WA student architects win again

By
Jenny Brown
October 16, 2017
Designed by students Dustin Dieo and Sing Liang Chai, the Carey Baptist Garden Pavilion won in the Australia Timber Design Awards in 2013. Photo: David Bylund

As a result of turning two-dimensional design theory into three-dimensional structures of beauty and utility, for three years running now, fourth and fifth year students at the University of Western Australia’s faculty of architecture, landscape and visual arts, have won top prizes in the annual and nationally contested Australia Timber Design Awards.

In the recent 2015 finals of the category “excellence in the use of timber product”, the WA students were even competing against themselves with two very different entries.

Their lyrical, two-part construction named “The Rose” because of its complex design and as a timber abstraction of the petal form of roses, beat their just as interesting jarrah pavement that turns into a seating arrangement called “Wood Wave”.

Architecture students from the University of Western Australia have once again taken home top prizes in the nationally-contested Australia Timber Design Awards.

“The Rose”, designed by students Hamidreza Mahboubi Soufiani and Mahsa Alavi was commissioned by City of Nedlands as a shade structure for a memorial garden. Photo: David Bylund

What their lecturer and the teacher who led the faculty into entering the annual awards, Dr David Bylund describes as “the dynamic ribbon that creates a serpentine loop and that takes the (jarrah) planes from the vertical to the horizontal and back to the vertical”, was a finalist.

It is now a permanent fixture on the grounds of the university.

But the winning “The Rose”, also made of jarrah and treated pine, and that was a commission from the Nedlands Council as a shade structure for a memorial garden, was even more of a challenge to build, he says.

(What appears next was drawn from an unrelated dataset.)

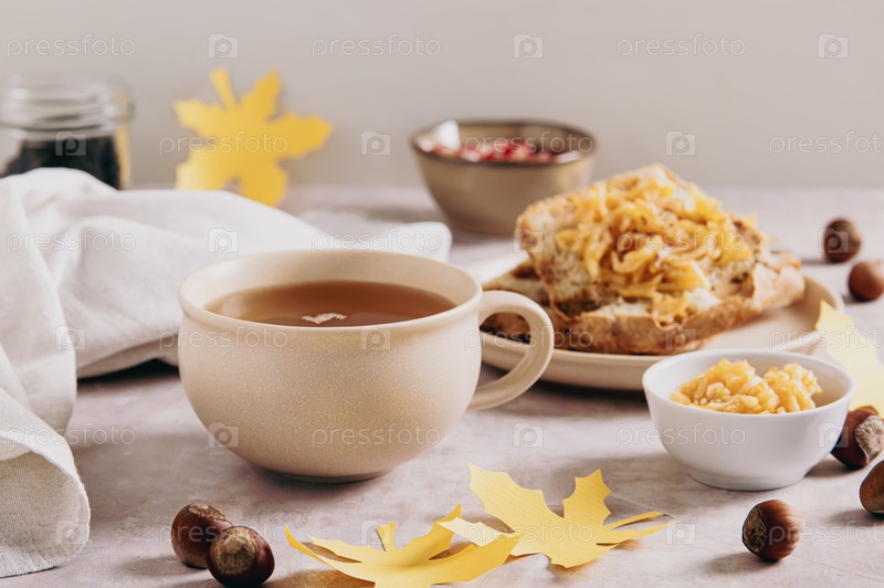 Осенний чай в чашке с яблочными кортунами на тарелке на столе

In timber, and giving four distinct planes to each rose, “that reach up and overlap, it creates the appearance of layering and curvature without there being a single curve in the structure. If you’ve ever looked into the structure of rose petals, they follow the Golden Mean and this [structure] expresses the same idea”.

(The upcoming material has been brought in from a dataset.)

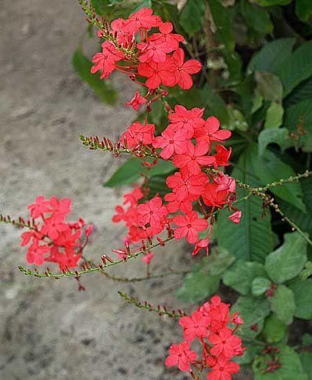 Plumbago Rosea, also known as Rakthakeli, is an outdoor flowering shrub. Plant in well-draining soil with full sun exposure. Water consistently and prune to shape the shrub. Fertilize during the growing season for optimal flower production. Mulch to retain moisture.

'The Wood Wave,'  designed by architecture student Anna Mustard with assistance from Kristen Di Gregorio from the University of Western Australia now features as a permanent installation at the campus.

“The Wood Wave”, designed by architecture student Anna Mustard with assistance from Kristen Di Gregorio from the University of Western Australia now features as a permanent installation at the campus. Photo: David Bylund

The faculty students’ first awards’ win was in 2013 with another shade structure that was made for Harrisdale’s Carey Baptist College. With massed timbers creating a stylised “canopy” above the columns of the three “trees”, the element has become a focal point of the school’s community garden and between 11am and 3pm when students are in the area, its inverted pyramids of timbers create maximum shadowing.

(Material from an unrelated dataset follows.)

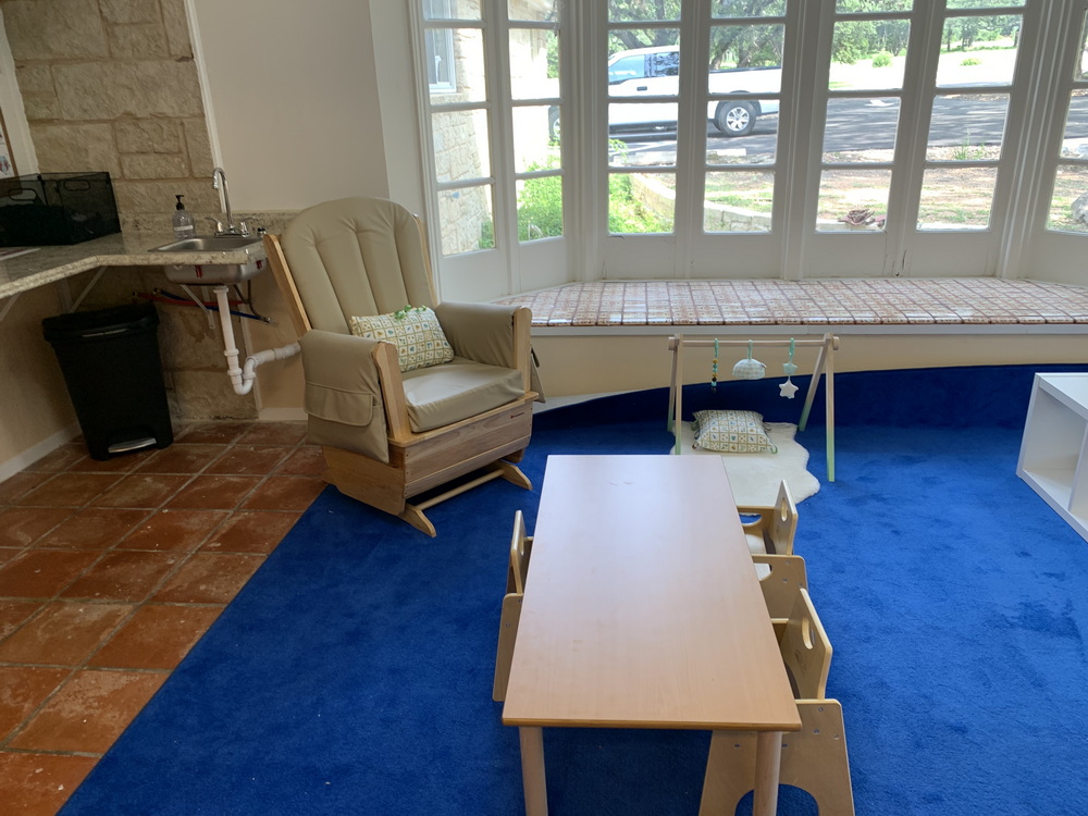 Developmentally appropriate furniture has been specifically organized around each room to encourage your child’s development and independence while exploring the world around them. In each room, you will find child-sized tables and chairs instead of high chairs, low, accessible toys and climbers, and many real-life items; all promoting independence in a clean, safe environment.

The first win, “was amazing”, Bylund says. “We didn’t even expect to be finalists. But that put pressure on the 2014 students who really rose to the occasion.”

Bylund’s initiative that gave his Timber in Architecture unit elective students the rare opportunity to build some of their designs full-scale, is, he believes, invaluable as “learning by making” experience.

The bus shelter commissioned by Nedlands City Council, designed by students Clare Holmes and Lan Nguyen.

A bus shelter commissioned by Nedlands City Council in 2014, designed by students Clare Holmes and Lan Nguyen. Photo: David Bylund

Pairs of students work on a concept, undergo a presentation and review process such as they might face in the real world, and then co-operate as a group to realise the project that wins in-class selection.

While their first Carey College tree commission was arranged through Bylund and was sponsored by local timber and hardware suppliers, their second, a bus shelter outside the university, was a proper job for the Nedlands Council. Nedlands also commissioned “The Rose”.

The 2014 winning entry of the “Bus Shelter” that faces the Stirling Highway was designed to meet the rigid criteria of shelter design but, with cantilevered “wings”. It was a lovely substitute for the previous shelter that Bylund says was “awful and ugly”.

Designed by students Dustin Dieo and Sing Liang Chai, the Carey Baptist Garden Pavilion won in the Australia Timber Design Awards in 2013.

Designed by students Dustin Dieo and Sing Liang Chai, the Carey Baptist Garden Pavilion won in the Australia Timber Design Awards in 2013. Photo: David Bylund

Having set the bar so high for subsequent years, David Bylund will very possibly throw the WA students a new curveball challenge for the 2016 Timber Awards. Having moved on to the University of Tasmania’s School of Architecture and Design, this champion of using sophisticated woodwork, might get his Tassy students into the judging ring.

“I’m keen to get that up and running”, he says.